The 2nd paragraph under the chart clearly shows an example of teams with BYC players in a trade using the 115% + $100,000(Assigned Player exception).

P.S.: NCBullsFan; I'm wondering if Seattle would recieve a Traded Player exception. Wouldn't that go against the "spirit" of the BYC rule(at least if it went over the limits)? A Traded Player exception of $.18 mil($5.16 mil - $4.98 mil) would fit but I doubt whether my orginal figure of $2.62 mil($7.5 mil - $4.98 mil + $100,000) would. ?
==============================
FJ_of_Rockaway & NCBullsFan: Great work. I felt like a ping pong ball being hit back and forth after each of your posts since my opinion would change about as often. :laugh:


----------



## iavaroni (Aug 5, 2002)

> Originally posted by <b>Sicky Dimpkins</b>!
> 
> 1. The Bull are NOT taking advantage of the 115% + $100,000 rule! They trade $4.98 mil in salary and use a $3.46 mil TRADE exception which more than covers the $7.5 mil they take back. There is NO NEED for another exception. There is NO combining of exceptions!


A $3.46mil Trade Exception can only be used to accept a player (or players) making $3.46mil or less. You can't use it to "cover the rest".
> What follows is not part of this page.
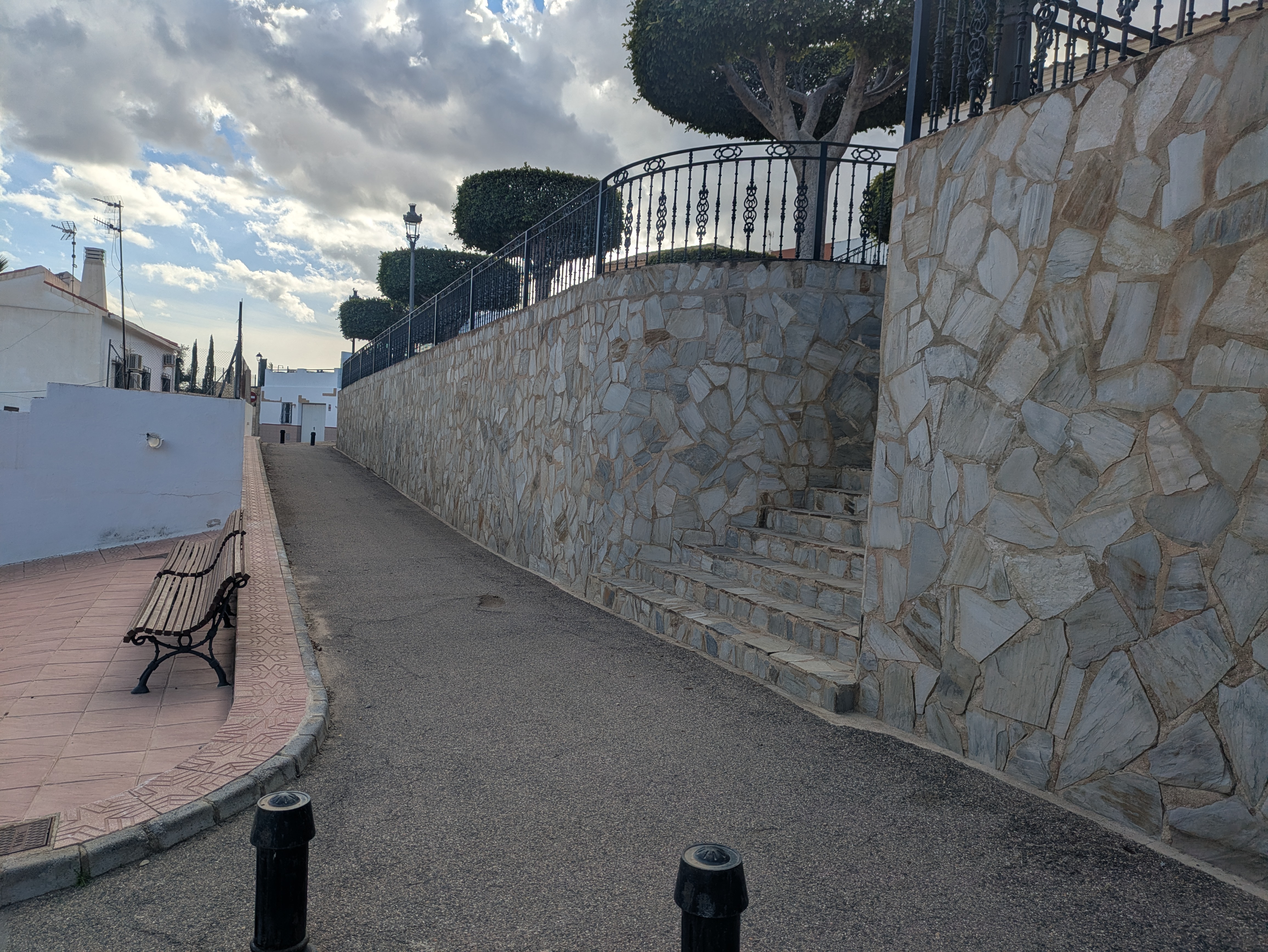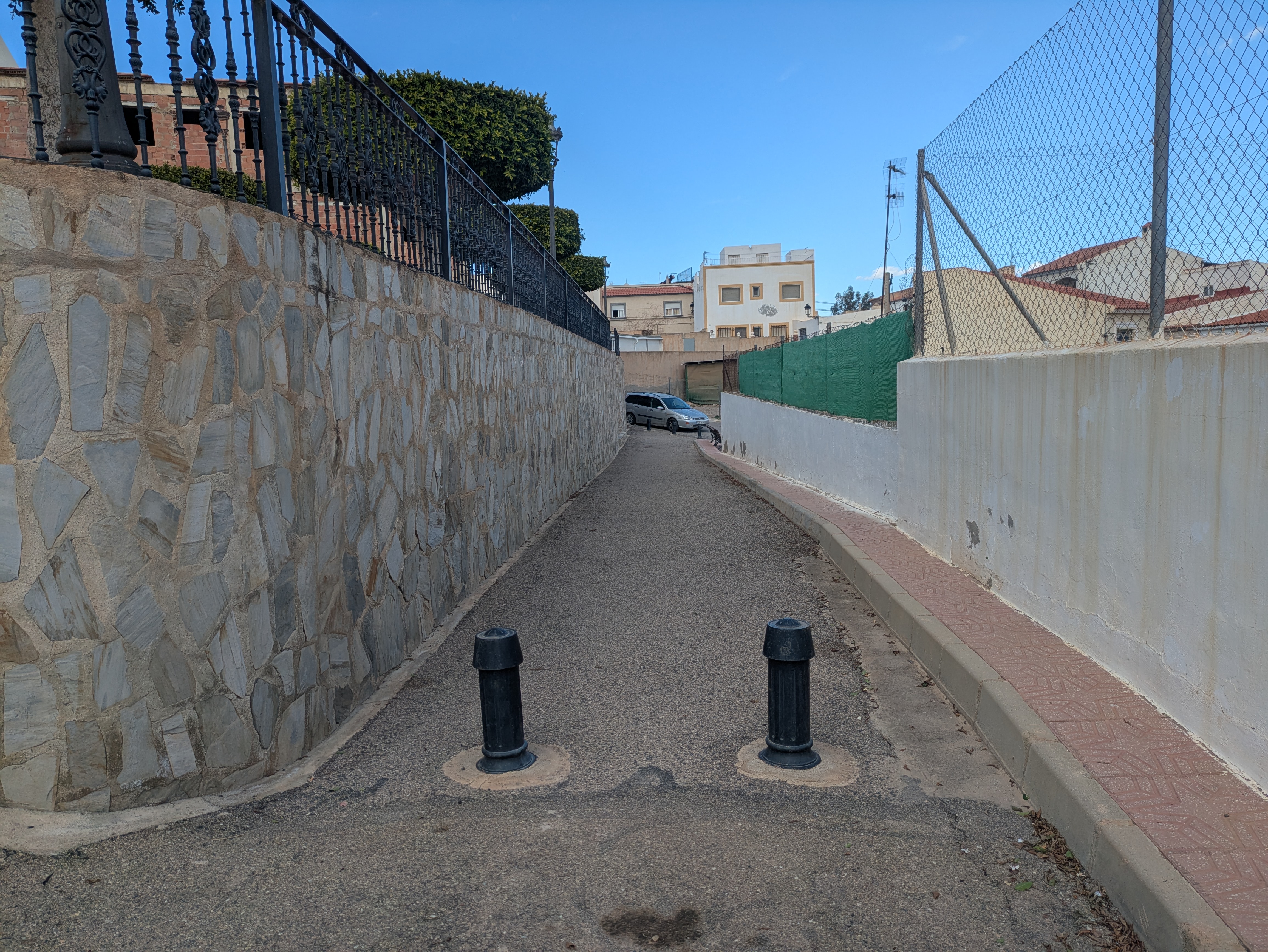 Callejón asfaltado peatonal con acerado en uno de los lados.

Since the trade exception can not be used, and the 15% rule doesn't work, this trade does not work.


----------



## Sicky Dimpkins (May 28, 2002)

> Originally posted by <b>iavaroni</b>!
> 
> 
> A $3.46mil Trade Exception can only be used to accept a player (or players) making $3.46mil or less. You can't use it to "cover the rest".
> ...


iavaroni: A third paddle to smack me around?! :laugh:

Seriously: Thank you. Great point/idea.

I think you MAY have something here. I can't find anything that EXPLICITLY supports the simple strong point you made BUT the "more complicated example" given here: 

CBA FAQ'S 4th paragraph #65

DOES seem to imply what you posted is correct. It talks about how a player fit "within" the Traded Player exception. It clearly did NOT simply lump all the players/numbers together and see if it worked in aggregate as the trade proposal on this thread does. 

Use of this exception added to player(s) to "cover the rest" or "make up the difference" or "upgrade": What say you, NC & FJ ? Yes or No. I'm saying No at this point in time. :laugh: Why do I even bother?

Has -iavaroni- done it?! Closure for this idea?!


----------



## Machinehead (Jun 12, 2002)

Well I still say no as it is hard to get proper clarity as the more i look at the CBA infor as presented by Larry **** there is a hell fo a lot of ambigious and contradictory information in how it is written that can leave some things open for interpretation.

It is not clear enough or ordered enough in its presentation which leaves individual opinions as to where they are


FJ


----------



## Machinehead (Jun 12, 2002)

> Originally posted by <b>Qwerty123</b>!
> Boy, this thread is denser with information than any of my old college textbooks. I sure learned a lot, though. Special thanks goes out to NCBullsFan. After days of thought, I think I have come up with a viable option. Lewis is signed at $7 million but we could manage as high as $7,341,695.
> 
> Bulls give: Crawford, ERob, Fizer, and a first rounder (10,699,300)
> ...


Qwerty 

I thought you deserved a response to your post that you put quite a lot of work into 

I like it from Cleveland, Seattle's and Chicago's perspective but I think it could be hard to digest for Washington 

I also think the Bulls pick to Washington has to be substituted with a pick from Cleveland ( heavily protected ) 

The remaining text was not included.